Variables Input and Output.

Input variables — input variables for any block types. 

Output variables allow values ​​to be saved after resource creation and can be used as input variables in other modules, such as the Provisioners block.

states.

States files store information about the provider's platform resource configuration. When the platform is first created, there is no information about the resources, and before any operation, Terraform updates the state with the real infrastructure of the already described resources.

The main purpose of states is to save a bunch of objects of already created resources for comparing the configuration of added resources and objects in order to avoid re-creation and changes to the platform.

State information is stored locally in the terraform.tfstate file by default, but you can use remote storage for team work if needed.

You can also import the current platform resources into the state in order to further interact with other resources, which in turn were created without the help of Terraform.  

2. Creation of infrastructure

The components have been dismantled, now with the help of Terraform we will gradually create an infrastructure with three virtual machines. The first one with nginx proxy server installed, the second one with Nextcloud based file storage and the third one with Bitrix CMS.

We will write code and execute it using the example of our clouds on VMware vCloud Director. With us, users get an account with Organization Administrator rights, if you use an account with the same rights in another VMware cloud, you can reproduce the code from our examples. Go!

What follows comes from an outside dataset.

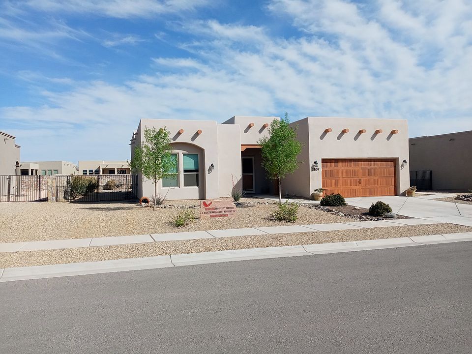 Built in 2022, barely lived in 2039 SF, 3 bedroom, 2 full-baths in upscale Red Hawk Golf Club Estates. Only a 5-minute walk to new golf course clubhouse with restaurant & bar. Excellent neighbors who look out for one another. New LG washer/dryer, side by side fridge and water softener included. Tile floors throughout, beautiful energy-saving double-honeycomb window coverings and custom glass front storm door, large primary walk-in closet. Finished/fully insulated 3 car garage, wired for electric vehicle charger, air/heat & freezer. Fully-landscaped front and back yards with large patio and double side gates for small RV storage. Gardner provided for seasonal clean-up, but tenant expected to use the on-site blower to keep walkways and porch areas clear of dust. Owner pays monthly water. Tenant pays Las Cruces Utilities natural gas & garbage/recycle ($60 summer, $100 winter) and El Paso Electric $125 summer, $60 winter) internet/cable, $175? 30-month lease preferred but will accept 12-months at a time.
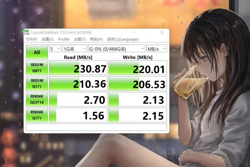 选择这款产品,我们最关心的还是读写速度,麦沃四盘位手提阵列盒采用C-C的接口方式,支持USB3.1的接口使用,支持正反盲插使用,5Gbps的传输带宽。机友使用专业的硬盘测速软件测试内装的磁盘,实测读取230MB/s,写入220MB/s,这对于机械盘来说速度上很优秀了,机友实测过普通单盘位连接测试也仅能达到150MB/s,这也是得益于阵列盒USB3.1的接口,和笔记本的雷电接口,让速度读写上更具优势。

First, let's create a directory for our new project, which will contain files describing the infrastructure.

mkdir project01

Then we describe the components of the infrastructure. Terraform creates links and processes files based on the description in the files. The files themselves can be named based on the purpose of the described blocks, for example, network.tf - describes the network parameters for the infrastructure.

To describe the components of our infrastructure, we have created the following files:

List of files.

main.tf - description of parameters for the virtual environment - virtual machines, virtual containers;

network.tf - description of virtual network parameters and NAT, Firewall rules;

variables.tf - a list of variables that we use;

vcd.tfvars - project variable values ​​for the VMware vCloud Director module.

The configuration language in Terraform is declarative and the order of blocks does not matter, except for provisioner blocks, because in this block, we describe the commands to be executed when preparing the infrastructure and they will be executed in order.

Block structure.

<BLOCK TYPE> "<BLOCK LABEL>" "<BLOCK LABEL>" {

# Block body

<IDENTIFIER> = <EXPRESSION> # Argument

}

Blocks are described using their own programming language HCL (HashiCorp Configuration Language), it is possible to describe the infrastructure using JSON. For more information on syntax, see read on the developer's website.

Environment variable configuration, variables.tf and vcd.tfvars

First, let's create two files that describe the list of all variables used and their values ​​for the VMware vCloud Director module. First, let's create the variables.tf file.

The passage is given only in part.